Huckabee might want to opt out. On Nov. 6 the Copelands got a saw-toothed, 42 point questionnaire inquiring into their own character from Republican Senator Chuck Grassley, ranking member of the Senate Committee on Finance. Grassley wanted to know how Kenneth Copeland--who as a church leader pays no taxes but is expected to plow revenue back into the public welfare--got a private plane and whether flights to Hawaii and Fiji qualified as business trips. Grassley sought credit card receipts and the numbers of the church's offshore bank accounts.
Copeland wasn't Grassley's only pen pal. He also wrote to the Revs. Creflo Dollar, Benny Hinn, Eddie Long, Joyce Meyer and Paula White, in total six televangelists who are part of an evangelical subculture known loosely as Prosperity gospel. "Recent news reports regarding the possible misuse of donations made to religious organizations" prompted the probe, Grassley wrote. The ministers' responses are technically voluntary, but the Senator has asked for them in a month and has mused that the replies could lead to testimony under oath. If so, Grassley could end up wiping out what some consider a kleptocracy but what is certainly the public face of a popular theology.
Prosperity adherents believe the right thoughts and speech, along with giving to the church, will prompt divine repayment in this life, with a return as high as $100 on each dollar handed up. On a small scale, Prosperity's positive thinking has sometimes energized the march of the poor into the middle class, but many Christians find it theologically and ethically perverse. Prosperity dominates American religious TV, and millions of adherents send millions of dollars to preachers they have never met. For Grassley, this might be fine if the ministers put all the money back into their mission work. But his now famous question about Meyer's $23,000 commode suggests he questions the destination of her estimated $124 million annual take. He has asked for her real estate records, reminding her fellow Missourians of an extended duel she had with Jefferson County officials that resulted in her agreeing in 2005 to pay taxes on half of her $20 million headquarters.

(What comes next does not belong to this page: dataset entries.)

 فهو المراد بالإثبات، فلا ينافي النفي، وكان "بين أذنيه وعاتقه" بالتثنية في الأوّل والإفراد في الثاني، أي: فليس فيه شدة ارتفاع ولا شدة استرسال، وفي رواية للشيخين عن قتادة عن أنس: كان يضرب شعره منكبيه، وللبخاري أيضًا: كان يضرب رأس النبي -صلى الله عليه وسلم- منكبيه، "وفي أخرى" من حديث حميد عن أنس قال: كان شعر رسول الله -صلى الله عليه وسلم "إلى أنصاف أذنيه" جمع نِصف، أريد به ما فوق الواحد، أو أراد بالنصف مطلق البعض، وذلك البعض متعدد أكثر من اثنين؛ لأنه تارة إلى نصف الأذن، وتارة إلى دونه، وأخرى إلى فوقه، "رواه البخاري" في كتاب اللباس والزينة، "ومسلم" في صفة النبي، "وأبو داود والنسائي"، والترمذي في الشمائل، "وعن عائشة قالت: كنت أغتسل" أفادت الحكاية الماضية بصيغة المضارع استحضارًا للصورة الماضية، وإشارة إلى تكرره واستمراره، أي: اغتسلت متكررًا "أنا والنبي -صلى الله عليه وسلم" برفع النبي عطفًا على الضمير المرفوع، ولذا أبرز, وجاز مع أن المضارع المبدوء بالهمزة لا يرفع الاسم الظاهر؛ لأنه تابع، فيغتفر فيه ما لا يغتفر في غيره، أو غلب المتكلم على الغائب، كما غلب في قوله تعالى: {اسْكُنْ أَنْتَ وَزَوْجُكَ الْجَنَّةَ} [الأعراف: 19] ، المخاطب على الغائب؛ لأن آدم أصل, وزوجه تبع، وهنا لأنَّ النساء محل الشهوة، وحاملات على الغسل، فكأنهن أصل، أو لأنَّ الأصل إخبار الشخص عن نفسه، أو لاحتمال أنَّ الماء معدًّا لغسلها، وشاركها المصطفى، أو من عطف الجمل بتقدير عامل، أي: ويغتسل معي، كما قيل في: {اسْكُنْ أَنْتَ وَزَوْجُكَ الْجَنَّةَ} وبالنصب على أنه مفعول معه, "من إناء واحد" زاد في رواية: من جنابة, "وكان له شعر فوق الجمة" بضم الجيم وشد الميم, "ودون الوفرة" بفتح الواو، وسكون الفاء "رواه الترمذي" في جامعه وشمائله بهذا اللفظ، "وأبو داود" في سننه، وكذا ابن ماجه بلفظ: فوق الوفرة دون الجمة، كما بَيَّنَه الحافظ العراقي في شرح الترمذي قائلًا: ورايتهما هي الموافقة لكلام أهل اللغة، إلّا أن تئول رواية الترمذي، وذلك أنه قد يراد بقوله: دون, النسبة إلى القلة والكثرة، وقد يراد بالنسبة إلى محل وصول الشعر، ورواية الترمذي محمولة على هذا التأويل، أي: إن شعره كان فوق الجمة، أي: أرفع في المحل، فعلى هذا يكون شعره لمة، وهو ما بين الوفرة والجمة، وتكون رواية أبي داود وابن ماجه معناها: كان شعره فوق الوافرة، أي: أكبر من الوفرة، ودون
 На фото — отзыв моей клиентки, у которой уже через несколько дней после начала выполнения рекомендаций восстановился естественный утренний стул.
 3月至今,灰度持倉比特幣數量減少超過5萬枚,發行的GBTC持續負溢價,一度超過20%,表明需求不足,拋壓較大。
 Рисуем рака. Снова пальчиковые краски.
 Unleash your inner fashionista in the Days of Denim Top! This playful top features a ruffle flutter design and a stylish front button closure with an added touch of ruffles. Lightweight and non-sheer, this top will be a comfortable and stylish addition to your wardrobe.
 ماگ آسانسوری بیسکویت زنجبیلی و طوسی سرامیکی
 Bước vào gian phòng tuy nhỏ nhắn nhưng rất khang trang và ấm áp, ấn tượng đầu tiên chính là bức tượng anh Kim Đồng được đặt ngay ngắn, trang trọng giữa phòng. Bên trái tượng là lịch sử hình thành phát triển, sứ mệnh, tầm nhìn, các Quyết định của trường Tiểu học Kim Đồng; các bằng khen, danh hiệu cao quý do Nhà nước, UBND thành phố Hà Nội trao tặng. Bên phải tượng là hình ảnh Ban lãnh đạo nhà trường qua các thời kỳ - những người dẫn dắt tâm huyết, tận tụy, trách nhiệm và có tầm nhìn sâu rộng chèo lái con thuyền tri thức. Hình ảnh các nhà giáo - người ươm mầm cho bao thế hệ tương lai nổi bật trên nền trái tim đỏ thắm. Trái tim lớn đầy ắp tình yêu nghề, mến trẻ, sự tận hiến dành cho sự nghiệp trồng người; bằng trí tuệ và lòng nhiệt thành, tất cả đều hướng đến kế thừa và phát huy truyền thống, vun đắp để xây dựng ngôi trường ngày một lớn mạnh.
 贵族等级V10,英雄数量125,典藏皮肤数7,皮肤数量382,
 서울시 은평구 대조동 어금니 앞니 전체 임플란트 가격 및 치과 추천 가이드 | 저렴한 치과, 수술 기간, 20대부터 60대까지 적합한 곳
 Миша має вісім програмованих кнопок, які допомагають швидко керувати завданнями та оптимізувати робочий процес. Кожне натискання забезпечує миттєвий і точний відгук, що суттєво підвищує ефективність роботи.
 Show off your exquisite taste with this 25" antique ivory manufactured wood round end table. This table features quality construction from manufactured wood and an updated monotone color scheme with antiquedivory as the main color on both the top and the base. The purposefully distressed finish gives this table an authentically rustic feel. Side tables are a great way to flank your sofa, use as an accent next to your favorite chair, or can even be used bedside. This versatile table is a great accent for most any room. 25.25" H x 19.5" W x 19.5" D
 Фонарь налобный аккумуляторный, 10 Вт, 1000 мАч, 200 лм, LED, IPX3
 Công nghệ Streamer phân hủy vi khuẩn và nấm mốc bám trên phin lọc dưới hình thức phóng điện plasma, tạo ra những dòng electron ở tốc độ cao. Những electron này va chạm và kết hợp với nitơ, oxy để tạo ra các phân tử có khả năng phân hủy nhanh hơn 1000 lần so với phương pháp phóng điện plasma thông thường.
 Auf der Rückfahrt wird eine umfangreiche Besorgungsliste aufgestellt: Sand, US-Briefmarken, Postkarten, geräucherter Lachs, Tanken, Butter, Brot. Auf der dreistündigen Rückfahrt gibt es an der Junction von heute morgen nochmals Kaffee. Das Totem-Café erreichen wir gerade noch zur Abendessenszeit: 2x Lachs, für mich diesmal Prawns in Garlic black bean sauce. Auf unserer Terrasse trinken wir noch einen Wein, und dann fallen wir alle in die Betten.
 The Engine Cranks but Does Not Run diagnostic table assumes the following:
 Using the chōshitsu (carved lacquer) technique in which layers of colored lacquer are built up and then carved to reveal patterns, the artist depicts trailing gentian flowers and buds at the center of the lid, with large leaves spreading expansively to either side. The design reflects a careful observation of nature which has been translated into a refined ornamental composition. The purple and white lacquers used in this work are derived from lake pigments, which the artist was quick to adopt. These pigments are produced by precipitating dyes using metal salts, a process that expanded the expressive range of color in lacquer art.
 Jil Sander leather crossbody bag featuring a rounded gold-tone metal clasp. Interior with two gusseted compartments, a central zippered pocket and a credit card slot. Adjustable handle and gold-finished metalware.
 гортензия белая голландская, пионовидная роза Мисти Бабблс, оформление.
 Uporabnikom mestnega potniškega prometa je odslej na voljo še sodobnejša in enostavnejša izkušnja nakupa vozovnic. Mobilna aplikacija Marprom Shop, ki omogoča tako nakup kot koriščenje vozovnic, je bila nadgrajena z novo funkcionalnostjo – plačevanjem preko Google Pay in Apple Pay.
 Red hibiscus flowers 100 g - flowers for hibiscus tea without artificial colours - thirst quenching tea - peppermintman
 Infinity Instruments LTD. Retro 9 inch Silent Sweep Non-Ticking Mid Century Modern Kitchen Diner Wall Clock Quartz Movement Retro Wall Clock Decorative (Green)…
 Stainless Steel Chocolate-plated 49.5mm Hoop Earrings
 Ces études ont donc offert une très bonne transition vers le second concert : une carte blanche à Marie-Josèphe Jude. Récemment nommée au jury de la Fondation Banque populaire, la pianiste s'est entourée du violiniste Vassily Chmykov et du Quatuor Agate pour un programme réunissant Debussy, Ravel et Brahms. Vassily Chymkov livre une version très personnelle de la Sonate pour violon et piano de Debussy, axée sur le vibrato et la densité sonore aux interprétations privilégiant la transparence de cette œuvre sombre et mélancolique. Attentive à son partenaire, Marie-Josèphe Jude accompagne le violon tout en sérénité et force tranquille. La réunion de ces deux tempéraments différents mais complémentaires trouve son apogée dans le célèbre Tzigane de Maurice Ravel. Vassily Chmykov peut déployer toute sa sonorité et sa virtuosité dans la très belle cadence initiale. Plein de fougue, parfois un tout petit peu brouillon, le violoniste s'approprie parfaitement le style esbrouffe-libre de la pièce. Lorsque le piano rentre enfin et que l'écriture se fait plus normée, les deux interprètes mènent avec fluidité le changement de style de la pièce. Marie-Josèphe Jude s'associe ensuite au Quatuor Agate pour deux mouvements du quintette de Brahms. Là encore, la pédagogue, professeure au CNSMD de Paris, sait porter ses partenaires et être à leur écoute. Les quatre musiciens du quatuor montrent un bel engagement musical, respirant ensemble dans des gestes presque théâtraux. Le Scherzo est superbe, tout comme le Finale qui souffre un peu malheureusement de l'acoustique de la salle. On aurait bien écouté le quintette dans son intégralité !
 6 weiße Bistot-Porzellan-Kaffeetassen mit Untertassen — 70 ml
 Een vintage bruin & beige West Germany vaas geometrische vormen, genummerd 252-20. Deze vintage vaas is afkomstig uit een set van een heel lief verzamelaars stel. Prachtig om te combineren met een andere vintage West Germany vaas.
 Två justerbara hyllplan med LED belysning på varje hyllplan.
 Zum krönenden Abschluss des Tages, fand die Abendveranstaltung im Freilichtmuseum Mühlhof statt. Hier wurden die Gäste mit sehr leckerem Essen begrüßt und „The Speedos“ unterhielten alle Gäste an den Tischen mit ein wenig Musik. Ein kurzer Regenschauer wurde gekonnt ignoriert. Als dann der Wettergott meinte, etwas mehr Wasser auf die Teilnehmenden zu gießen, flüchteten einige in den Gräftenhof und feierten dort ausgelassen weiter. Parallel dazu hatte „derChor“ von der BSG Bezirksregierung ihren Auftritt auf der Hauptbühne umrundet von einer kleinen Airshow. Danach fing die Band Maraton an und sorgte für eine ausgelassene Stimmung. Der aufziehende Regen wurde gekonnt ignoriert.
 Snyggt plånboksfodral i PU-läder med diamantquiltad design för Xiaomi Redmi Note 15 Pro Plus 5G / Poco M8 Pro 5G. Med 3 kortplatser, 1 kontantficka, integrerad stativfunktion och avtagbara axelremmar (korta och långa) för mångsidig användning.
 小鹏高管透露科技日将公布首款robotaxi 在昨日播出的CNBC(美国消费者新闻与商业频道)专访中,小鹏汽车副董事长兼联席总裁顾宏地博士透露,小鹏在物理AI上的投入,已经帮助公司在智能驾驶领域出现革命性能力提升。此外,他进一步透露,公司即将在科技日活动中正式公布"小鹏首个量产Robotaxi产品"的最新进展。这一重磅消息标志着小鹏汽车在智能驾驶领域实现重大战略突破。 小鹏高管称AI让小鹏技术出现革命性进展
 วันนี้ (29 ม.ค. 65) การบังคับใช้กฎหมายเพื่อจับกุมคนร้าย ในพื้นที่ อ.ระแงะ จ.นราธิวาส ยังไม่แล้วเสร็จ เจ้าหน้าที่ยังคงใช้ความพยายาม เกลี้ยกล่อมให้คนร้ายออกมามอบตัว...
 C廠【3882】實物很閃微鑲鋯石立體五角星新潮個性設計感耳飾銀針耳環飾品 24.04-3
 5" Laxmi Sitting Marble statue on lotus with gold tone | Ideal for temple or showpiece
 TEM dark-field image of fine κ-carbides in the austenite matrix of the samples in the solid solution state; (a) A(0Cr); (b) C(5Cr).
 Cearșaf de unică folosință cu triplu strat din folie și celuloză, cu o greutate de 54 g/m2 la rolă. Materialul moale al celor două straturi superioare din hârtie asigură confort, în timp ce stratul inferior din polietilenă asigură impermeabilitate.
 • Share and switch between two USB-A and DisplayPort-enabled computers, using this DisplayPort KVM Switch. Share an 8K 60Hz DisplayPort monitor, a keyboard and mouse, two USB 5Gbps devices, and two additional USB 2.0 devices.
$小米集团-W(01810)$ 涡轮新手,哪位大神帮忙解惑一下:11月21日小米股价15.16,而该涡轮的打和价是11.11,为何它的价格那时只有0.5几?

Among Grassley's questions to Dollar was one about a gift of $500,000 to Copeland. Dollar told TIME that he made a gift but said the sum was not that high. He and the Copelands claim to be tax-compliant. Hinn and Long did not respond by press time. White's ministry says to the best of its knowledge it complies with all tax codes. Meyer posted a 2007 IRS letter confirming tax-exempt status.
The larger conservative Christian community has not been supportive. "Grassley has a shotgun, and lead is spraying all over the place, but I'm looking at the good that can be done," says Marvin Olasky, editor of the evangelical weekly World. J. Lee Grady, editor of Charisma magazine, where some of the six advertise, hopes all can prove their innocence, but he adds, "If God wants to use a Senator to help the American church clean up its act, then I say bring on the Reformation."
But should Grassley play the role of Martin Luther? Some see Grassley's acts as a religious vendetta, launched by a white-bread Evangelical who doesn't get the group's view of rich pastors as a sign of divine grace. Grassley has hinted that his purpose may be to revamp tax laws to keep up with rapacious preachers. Remarks Charles Haynes, senior scholar with the First Amendment Center: "I'm worried that [the six] might be used to push for stringent transparency regulations that would affect all religious groups. They are extreme, and extreme cases can lead to bad law."
Grassley rejects the criticism. "We're not looking at doctrine. I don't know much about the words Prosperity gospel," he says. But he acknowledges that religious-freedom concerns may make an investigation a "little more difficult to defend." Fellow Senators--"I won't give their names"--have asked what they should tell the preachers. Says Grassley: "My answer was, 'Tell them to do what all the other nonprofits do--answer my letter.'" And hope for a different kind of grace.
The original version of this article referred mistakenly to a 2006 letter from the IRS confirming the Joyce Meyer Ministry's tax-exempt status. While the IRS reviewed the ministry's activities from 2004 to 2006, it sent its letter of confirmation in October 2007.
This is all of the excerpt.